Consequently also the expectation values of observables that are not explicitly time dependent are constant in time. Indeed, in the Schrödinger picture such an observable is represented by a self-adjoint operator that doesn't depend on time at all, i.e.,
$$\hat{A}(t)=\hat{A}(0)=\text{const}$$
and consequently
$$\langle A(t) \rangle=\mathrm{Tr} [\hat{R}(t) \hat{A}(t)] = \mathrm{Tr} [\hat{R}(0) \hat{A}(0)]=\text{const}.$$
Of course, that does not mean that a particle in a stationary state always has 0 momentum.

Now to the free particle. Here, no energy-eigenstate is represented by a true Hilbert-space vector but by a generalized eigenket, which is only "normalizable" to a $\delta$ distribution,
$$\langle p|p' \rangle=2 \pi \delta(p-p').$$
The energy eigenstates are uniquely labeled by the momentum eigenstates in this case, because
$$\hat{H}=\frac{\hat{p}^2}{2m}.$$
Thus also any eigenstate of the Hamiltonian is not a representant of a state the particle can be in.

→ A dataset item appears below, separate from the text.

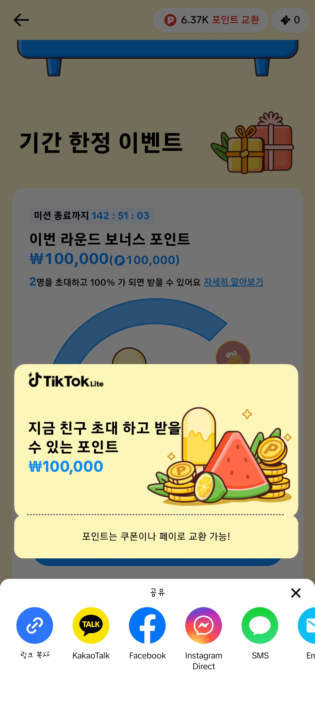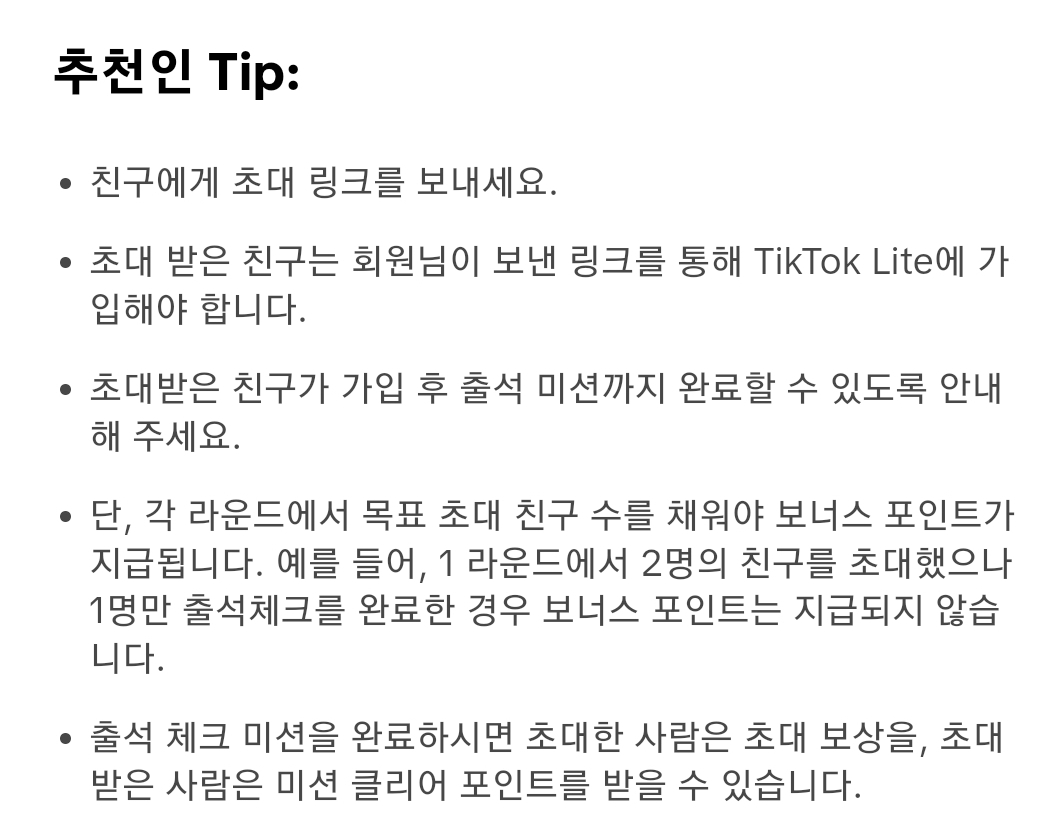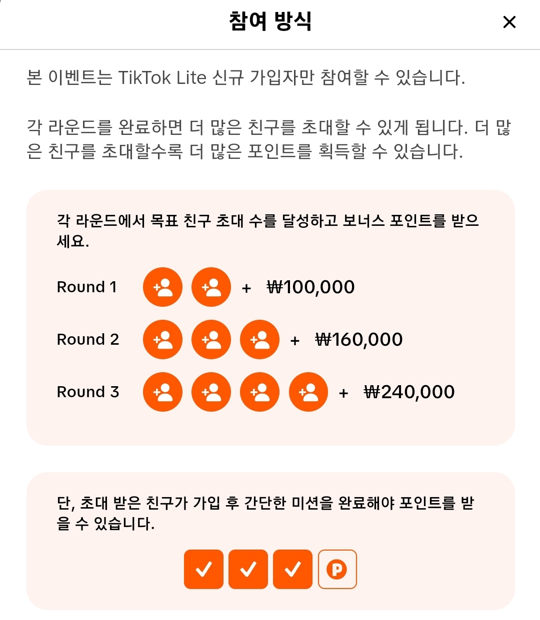 - 방법 : 틱톡라이트 친구초대, 틱톡이용, 한정이벤트, 상시이벤트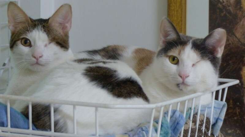 אומה ופומה - אומה ופומה נאספו בהפרש של יומיים ממקומות שונים, אחת היתה עם עין שפוכה החוצה והשנייה עם עין בגודל עצום, הן היו בסה"כ בנות חודש וחצי. שתיהן עברו עקירת עין והתאוששו ביחד, והעין האחת לא מפריעה להן לתפקד כרגיל. אומה ופומה נהיו אחיות תוך יומיים, ישנות מכורבלות אחת בשנייה ולא מחמיצות מקלחת ערב של ליקוקים הדדיים. לפעמים הן נראות כמו חתול אחד. הן מלאכיות, עדינות ומתוקות, מעוקרות ומחוסנות וישמחו להימסר לבית אחד.

A proper state is rather represented by a "wave packet", i.e., a true Hilbert-space vector
$$|\psi(t) \rangle=\int_{\mathbb{R}} \mathrm{d} p \frac{1}{\sqrt{2 \pi}} A(p) \exp(-\mathrm{i} E(p) t) |p \rangle, \quad E(p)=\frac{p^2}{2m}$$
which is normalizable,
$$\langle \psi(t)| \psi(t) \rangle=\frac{1}{2 \pi} \int_{\mathbb{R}} \mathrm{d} p \int_{\mathbb{R}} \mathrm{d} p' A^*(p) A(p') \exp[-\mathrm{i}(E(p')-E(p))] \langle p|p' \rangle =\int_{\mathbb{R}} \mathrm{d} p |A(p)|^2 \stackrel{!}{=}1.$$
Thus the function $A(p)$ must be square integrable.

A nice example is the Gaussian wave packet with
$$A(p)=N \exp[-\frac{(p-p_0)^2}{4 \sigma_p^2}].$$
You can show that the expectation values of the corresponding state $|\psi(t) \rangle$ of position and momentum are like the motion of classical particle with the average momentum $\langle p \rangle=p_0$,
$$\langle x(t) \rangle=\frac{p_0}{m} t$$.

6. Sep 29, 2015

### kith

To expand on what Nugatory said: if you know the exact state of your system before a measurement, you won't get additional information by performing the measurement. If you have a particle moving with a well determined momentum, you can of course learn something about its uncertain position by performing a position measurement. But in the process, you will also forget something about its momentum - this is expressed in the HUP.

Whether you view your initial state as an (approximate) momentum eigenstate or a superposition of position eigenstates depends on the measurement you are going to perform.